RECORDED INFORMATION =>
----

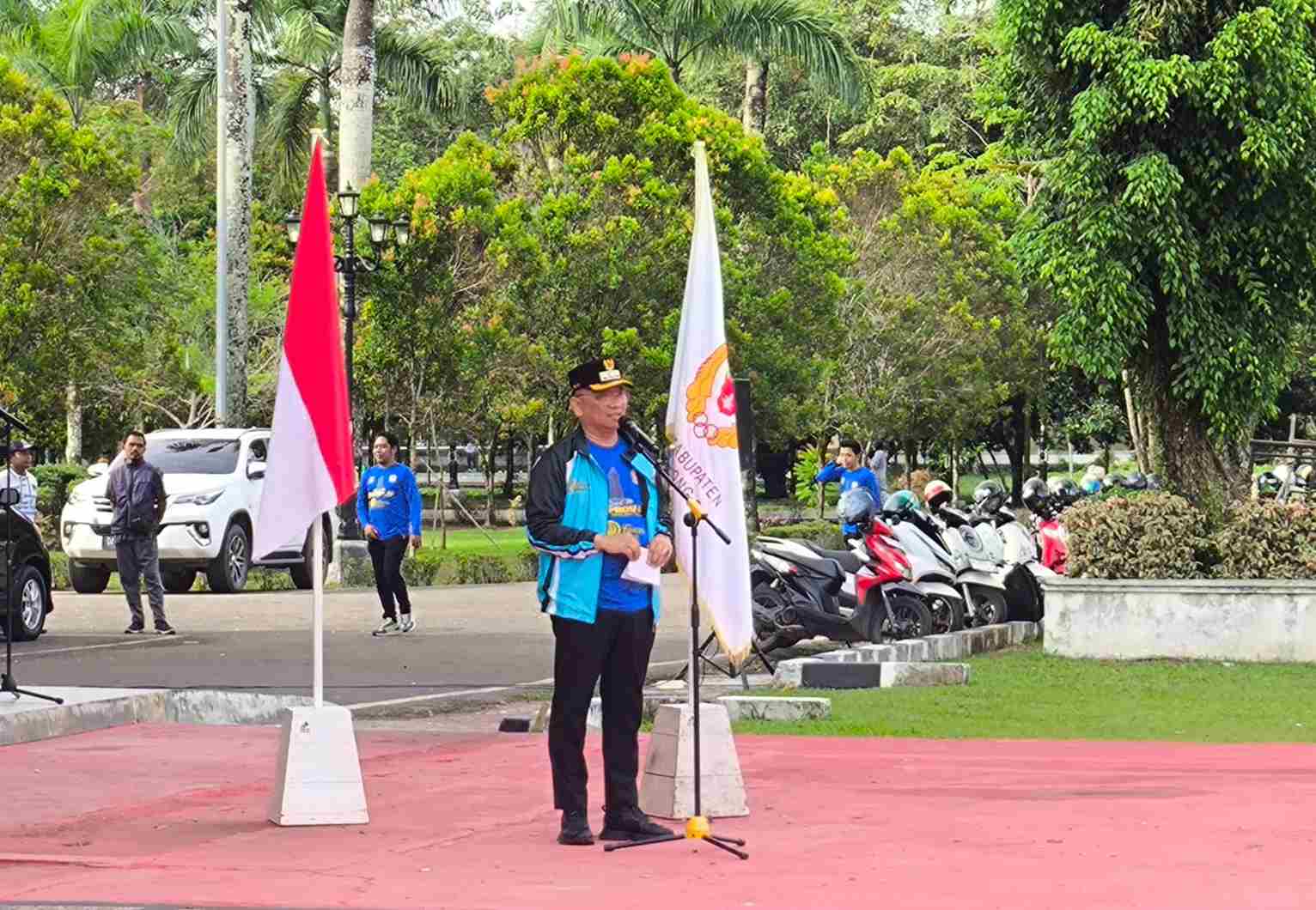 Hadir Bupati Tabalong H Muhammad Noor Rifani sekaligus memimpin apel dan melaunching Apparel kontingen secara simbolis.
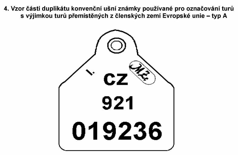4. Vzor části duplikátu konvenční ušní známky používané pro označování turů
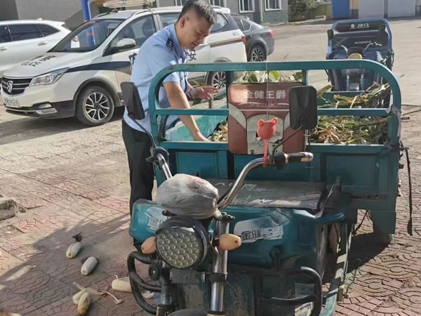 9月14日下午14時(shí)許,海城派出所民警在巡邏到長興村1組一片玉米地時(shí),發(fā)現(xiàn)一臺電動(dòng)三輪車在玉米地邊?浚L興村村民劉某正在往三輪車上裝玉米穗,巡邏民警發(fā)覺事情可疑立即上前詢問,經(jīng)查,劉某交代自己騎三輪車經(jīng)過被盜玉米地時(shí),看到地里的玉米長得很好,想著自己家里的牛正需要飼料吃,于是徒增盜心,就掰了197穗玉米棒裝在車上,準(zhǔn)備帶回家給老牛吃,沒想到還沒裝完就被派出所抓獲。民警看到玉米地里一片狼藉,玉米稈東倒西歪,上面的玉米棒被劉某掰走。玉米是群眾辛勤勞作而得到的勞動(dòng)果實(shí),收獲在望卻被他人偷走,群眾的心情可想而知。

----

ACTIVITY => Return the listing verbatim, pictures excluded.

REPLY TO THE TASK =>
 Hadir Bupati Tabalong H Muhammad Noor Rifani sekaligus memimpin apel dan melaunching Apparel kontingen secara simbolis.
4. Vzor části duplikátu konvenční ušní známky používané pro označování turů
 9月14日下午14時(shí)許,海城派出所民警在巡邏到長興村1組一片玉米地時(shí),發(fā)現(xiàn)一臺電動(dòng)三輪車在玉米地邊?浚L興村村民劉某正在往三輪車上裝玉米穗,巡邏民警發(fā)覺事情可疑立即上前詢問,經(jīng)查,劉某交代自己騎三輪車經(jīng)過被盜玉米地時(shí),看到地里的玉米長得很好,想著自己家里的牛正需要飼料吃,于是徒增盜心,就掰了197穗玉米棒裝在車上,準(zhǔn)備帶回家給老牛吃,沒想到還沒裝完就被派出所抓獲。民警看到玉米地里一片狼藉,玉米稈東倒西歪,上面的玉米棒被劉某掰走。玉米是群眾辛勤勞作而得到的勞動(dòng)果實(shí),收獲在望卻被他人偷走,群眾的心情可想而知。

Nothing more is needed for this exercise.